Tribe's game center going unregulated


Sunday, December 2nd 2001, 12:00 am
By: News On 6



TAHLEQUAH, Okla. (AP) _ A tribal gaming center that is not located on tribal land is largely unregulated by state and federal officials.

The center is operated by the United Keetoowah Band of the Cherokees, a separate group from the Cherokee Nation.

Although Indian gaming is supposed to be regulated, neither the National Indian Gaming Commission nor state authorities regulate the center. State officials say they don't have jurisdiction.

The tribe has been holding bingo games at its gaming center for several years. But the games were small, thus avoiding government scrutiny.

The tribe later expanded its gaming to include several Class II electronic games. The games are legal in Oklahoma, but are supposed to follow state and federal laws.

Because the Keetoowahs' site is not on Indian land, no one outside the tribe has been regulating their games. Tribal officials said the Keetoowahs will police themselves until state and federal authorities sort things out.

At issue is where the gaming hall is located. The Keetoowahs bought the land in 1992. The tribe is hoping to have the parcel deemed Indian trust land, which would exempt them from property taxes.

Most tribes have built casinos on Indian trust land. While the tribes must obey state and federal gaming laws, only federal regulators have the authority to enforce those laws on Indian land.

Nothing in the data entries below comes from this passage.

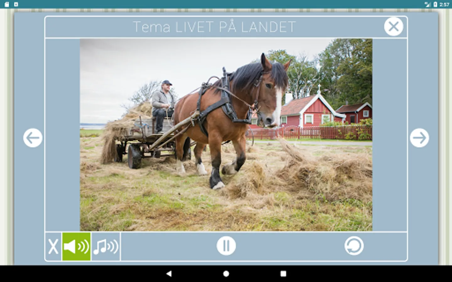 Each theme contains three headings. Under the heading "Food" are things you can practically do together to enhance the theme's content. Under the heading "Music" is specially composed pieces of music or sound backdrop that alludes to the theme. Under the title "Memories" is about 1,000 photographs from different periods related to the different themes. The pictures are tiny time capsules that can avlockas a story. The right questions, many memories come to the surface, the app includes tips on how to get there.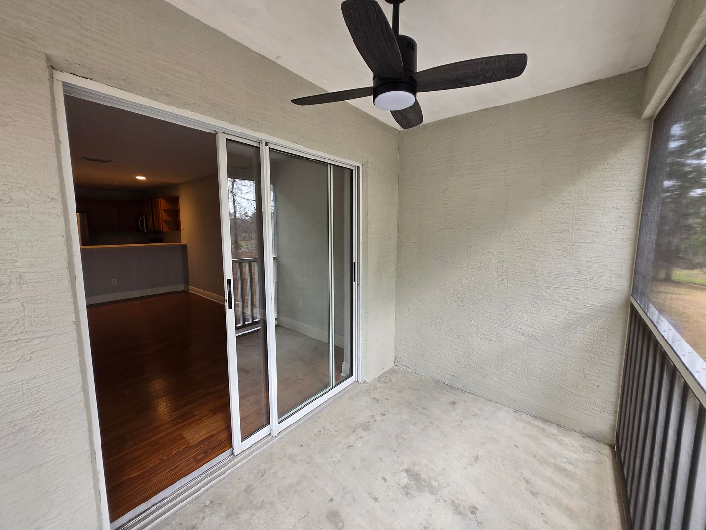 The home features a tiled entry and laminate flooring throughout the main living areas. The spacious living room offers plenty of natural light and sliding glass doors that open to a covered, screened balcony — perfect for relaxing or entertaining. The kitchen provides ample cabinet and counter space, tiled flooring, and stainless steel appliances. This unit also offers plenty of closet space throughout for added convenience and storage.
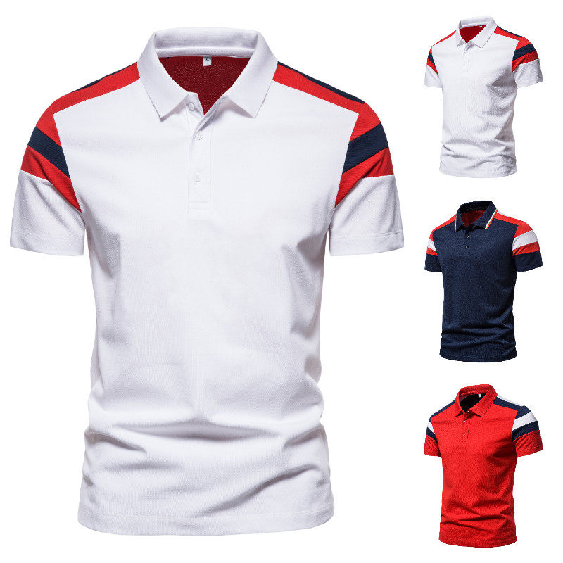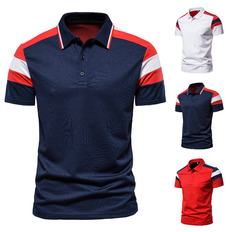 外贸欧码跨境夏季男士时尚红色块短袖翻领T恤POLO衫Men's T shirt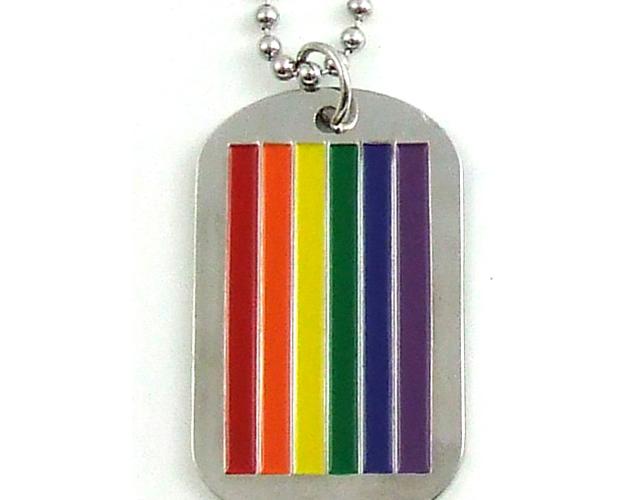 Gaysentials Pride Goods Military ID Tag Necklace. This military ID tag necklace is made from durable enamel to hold its vibrant colors. The ID tag hangs from a 21 inches adjustable ball chain necklace. To adjust just unhook and cut down to desirable size. Celebrate Gay Pride with a fab...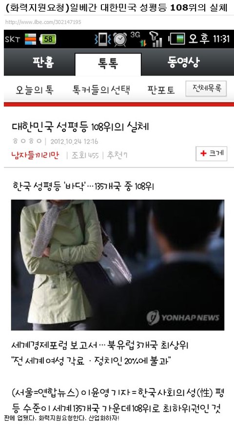 대한민국 성평등 108위의 실체 톡톡 > 남자들끼리만 | ㅎㅇㅎㅇ (판) 2012.10.24 12:16 조회7,431 스크랩0 한국 성평등 '바닥'…135개국 중 108위"전 세계 여성 각료·정치인 20%에 불과"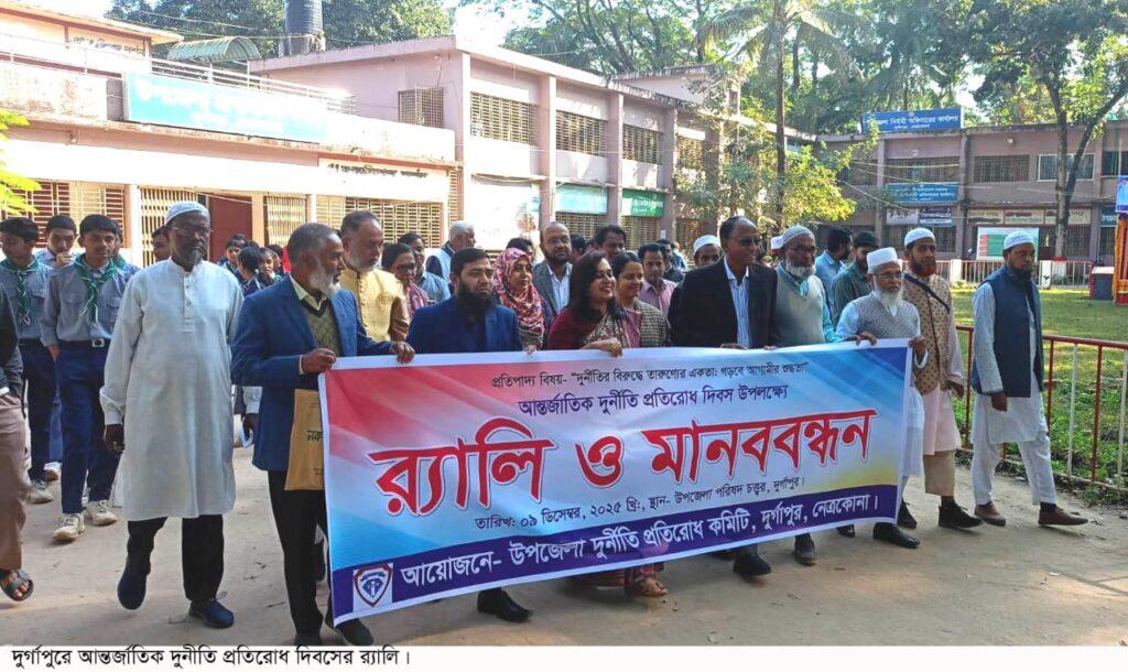 দুর্গাপুর (নেত্রকোনা) প্রতিনিধি:– দুর্নীতির বিরুদ্ধে তারুন্যের একতা : গড়বে আগামীর শুদ্ধতা এই প্রতিপাদ্যে নেত্রকোনার দুর্গাপুরে আন্তর্জাতিক দুর্নীতি প্রতিরোধ দিবস পালিত হয়েছে।

The main enforcer is the National Indian Gaming Commission. But the commission's power is limited to Indian trust lands. By operating on non-Indian land, the tribe also avoids the state gaming commission.

In a letter to the tribe, commission attorney Kevin Washburn said his agency will ``leave the question of whether the land is subject to state gambling laws to the appropriate state officials.''

While officials debate who should have jurisdiction, the games play on. The lack of clarity on the issue frustrates the Keetoowahs' neighbor, the Cherokee Nation.

The Cherokees have several gaming centers, all on Indian trust land, and all of which follow state and federal law.

``If it's the state's position that you can operate a gaming center outside Indian lands, we'd like to know about it,'' said Mike Miller, Cherokee Nation spokesman.

Assistant U.S. attorney Linda Epperly said that as long as the tribe doesn't use illegal Class III games and keeps a low profile, they'll likely continue to operate without regulatory interference.